### Work item
Leave the pictures out. Retype exactly the lines below from the one containing "Решака - онлайн" through the one containing "Ручка двери наружная", and no others.

### Data

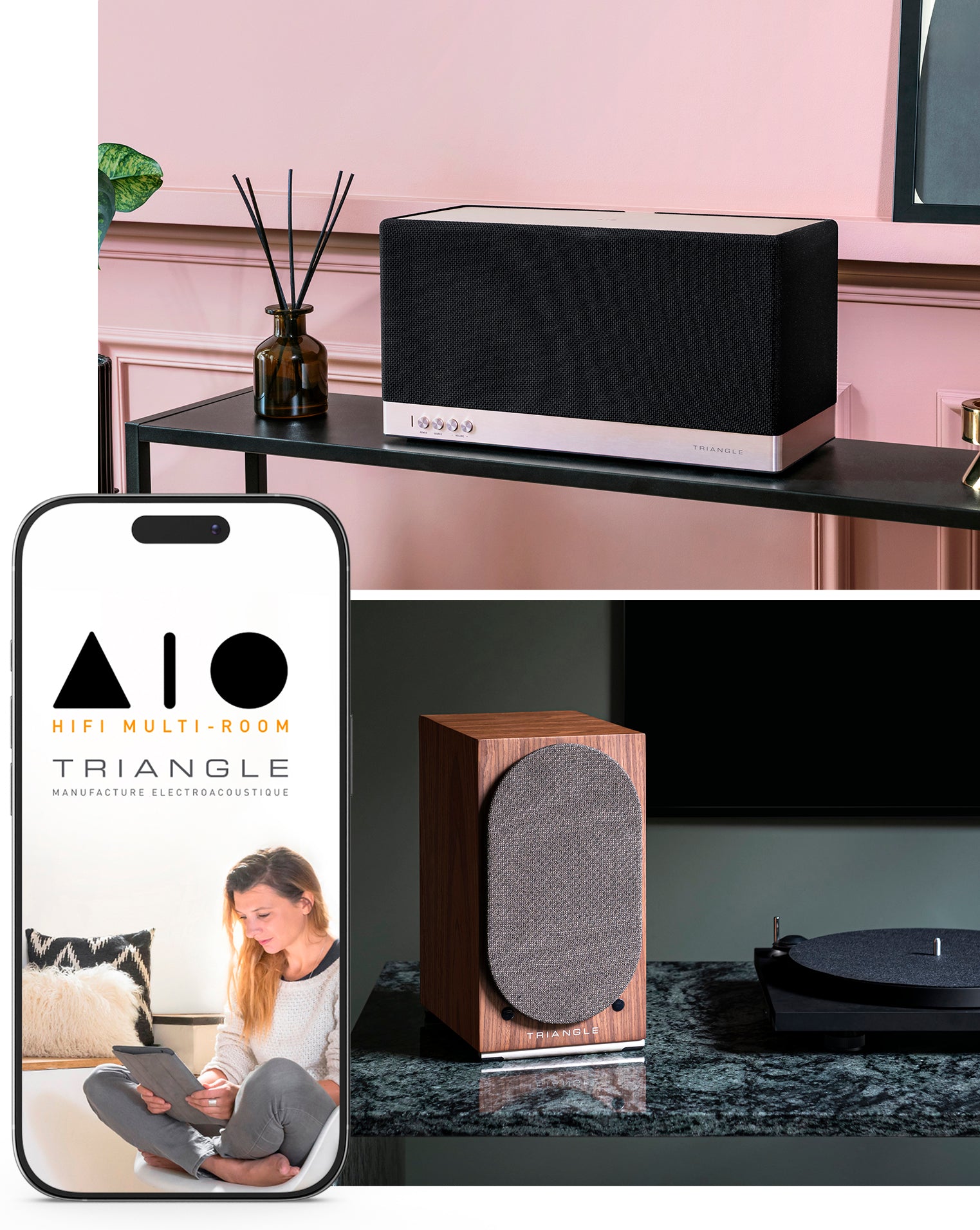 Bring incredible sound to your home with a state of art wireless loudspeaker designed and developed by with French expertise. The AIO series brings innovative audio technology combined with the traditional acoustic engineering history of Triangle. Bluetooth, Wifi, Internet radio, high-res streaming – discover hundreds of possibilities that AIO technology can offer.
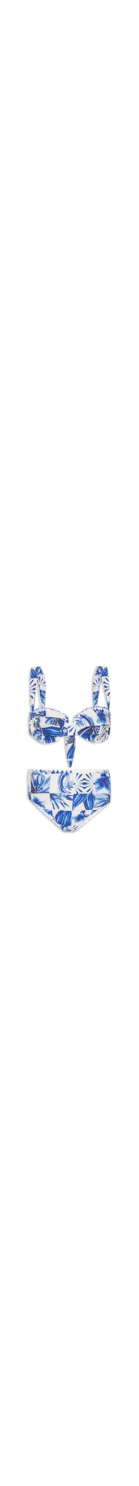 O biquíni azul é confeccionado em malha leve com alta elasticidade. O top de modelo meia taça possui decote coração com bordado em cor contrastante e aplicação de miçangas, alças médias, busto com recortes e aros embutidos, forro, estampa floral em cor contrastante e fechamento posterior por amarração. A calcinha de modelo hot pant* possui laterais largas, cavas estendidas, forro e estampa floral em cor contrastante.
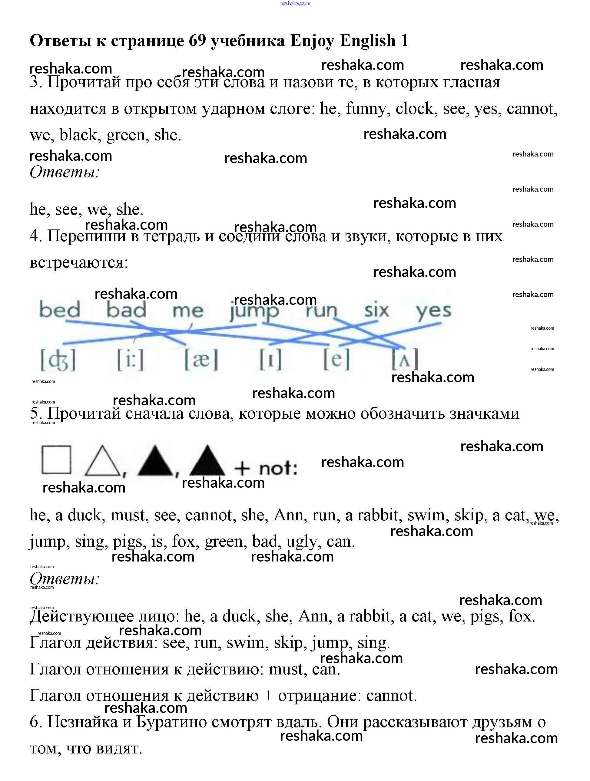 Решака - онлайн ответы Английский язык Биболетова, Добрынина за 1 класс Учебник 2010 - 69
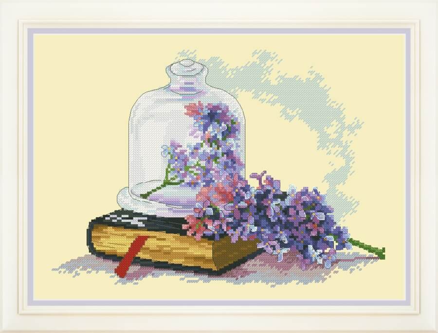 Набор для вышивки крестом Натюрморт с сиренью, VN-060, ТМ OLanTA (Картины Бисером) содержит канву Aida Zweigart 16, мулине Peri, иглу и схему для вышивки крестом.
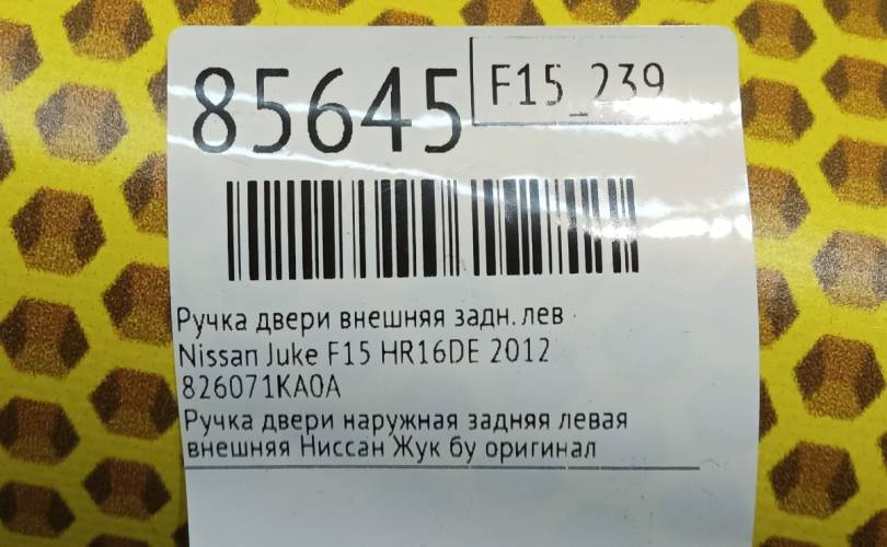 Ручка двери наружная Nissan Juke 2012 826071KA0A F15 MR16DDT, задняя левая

* * *

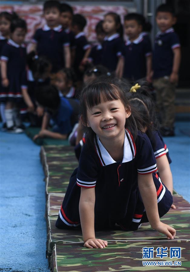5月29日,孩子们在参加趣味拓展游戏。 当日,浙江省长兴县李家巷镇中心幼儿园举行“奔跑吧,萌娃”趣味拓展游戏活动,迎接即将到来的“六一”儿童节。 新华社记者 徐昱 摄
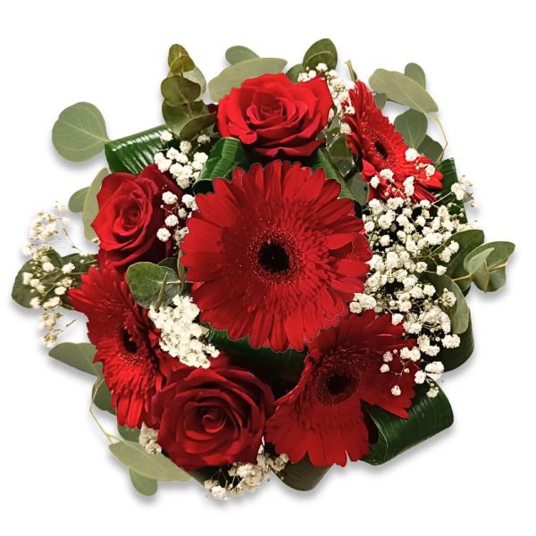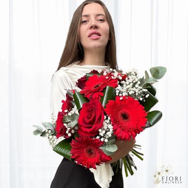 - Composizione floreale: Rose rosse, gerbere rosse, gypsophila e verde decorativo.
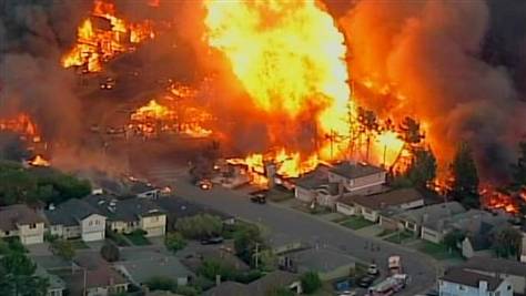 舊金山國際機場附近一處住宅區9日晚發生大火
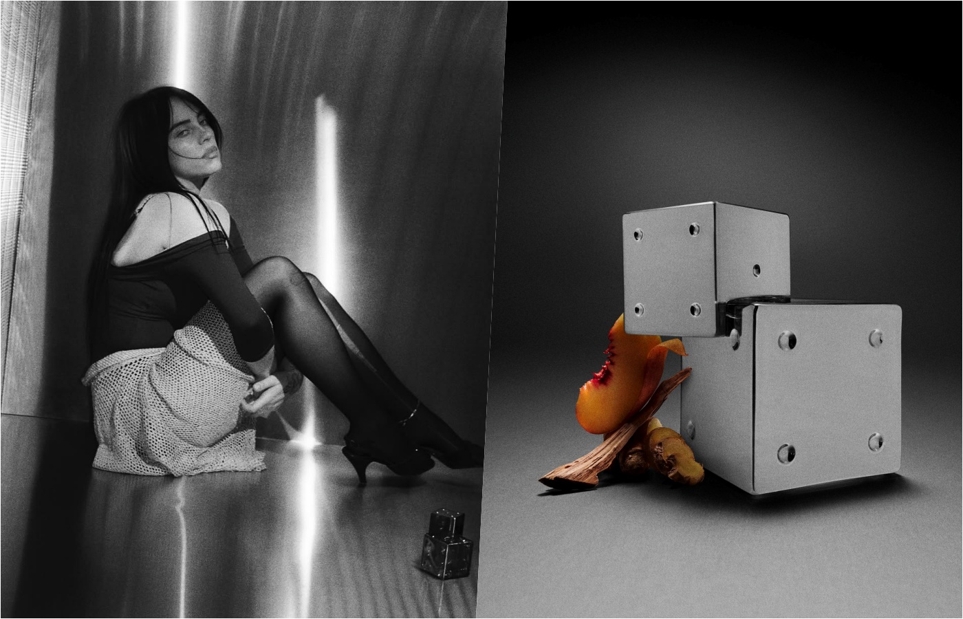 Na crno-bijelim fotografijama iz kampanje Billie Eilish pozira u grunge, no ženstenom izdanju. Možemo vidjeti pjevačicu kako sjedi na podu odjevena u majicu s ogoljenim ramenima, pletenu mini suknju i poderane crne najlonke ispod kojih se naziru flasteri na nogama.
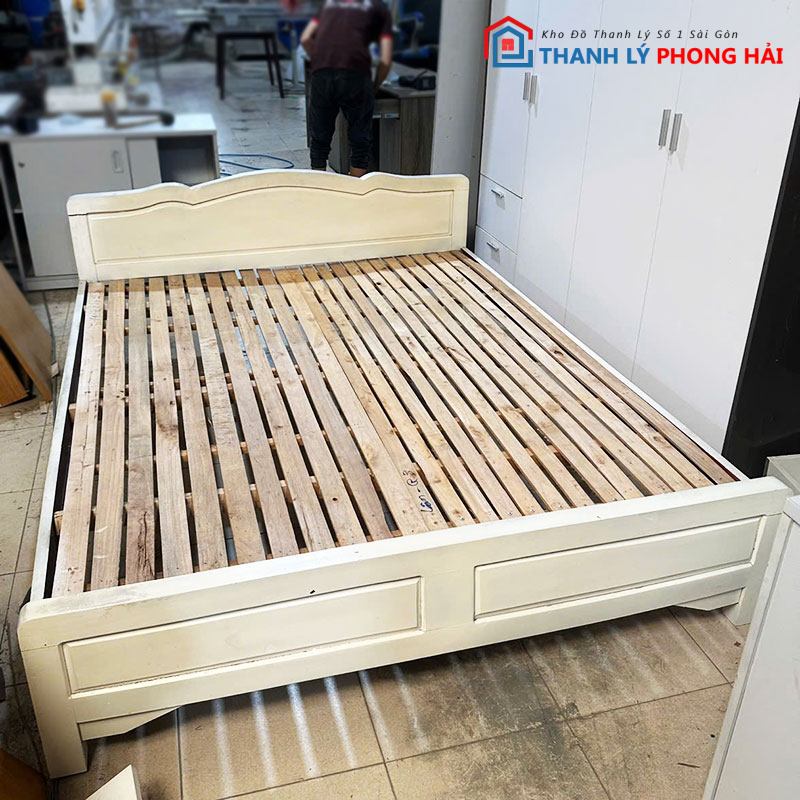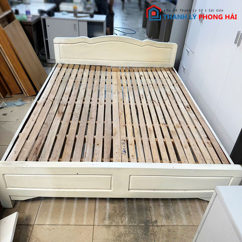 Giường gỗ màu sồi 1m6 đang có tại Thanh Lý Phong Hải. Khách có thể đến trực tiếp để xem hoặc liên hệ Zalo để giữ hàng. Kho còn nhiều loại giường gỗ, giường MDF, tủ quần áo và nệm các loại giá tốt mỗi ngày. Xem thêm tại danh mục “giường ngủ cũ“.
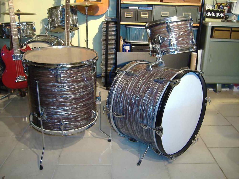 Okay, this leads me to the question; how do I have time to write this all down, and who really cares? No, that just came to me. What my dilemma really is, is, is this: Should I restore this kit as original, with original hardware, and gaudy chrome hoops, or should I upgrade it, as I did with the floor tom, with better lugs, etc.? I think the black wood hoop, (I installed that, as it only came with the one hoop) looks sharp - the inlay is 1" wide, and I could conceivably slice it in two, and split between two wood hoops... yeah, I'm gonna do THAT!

### Answer space
 Решака - онлайн ответы Английский язык Биболетова, Добрынина за 1 класс Учебник 2010 - 69
 Набор для вышивки крестом Натюрморт с сиренью, VN-060, ТМ OLanTA (Картины Бисером) содержит канву Aida Zweigart 16, мулине Peri, иглу и схему для вышивки крестом.
 Ручка двери наружная Nissan Juke 2012 826071KA0A F15 MR16DDT, задняя левая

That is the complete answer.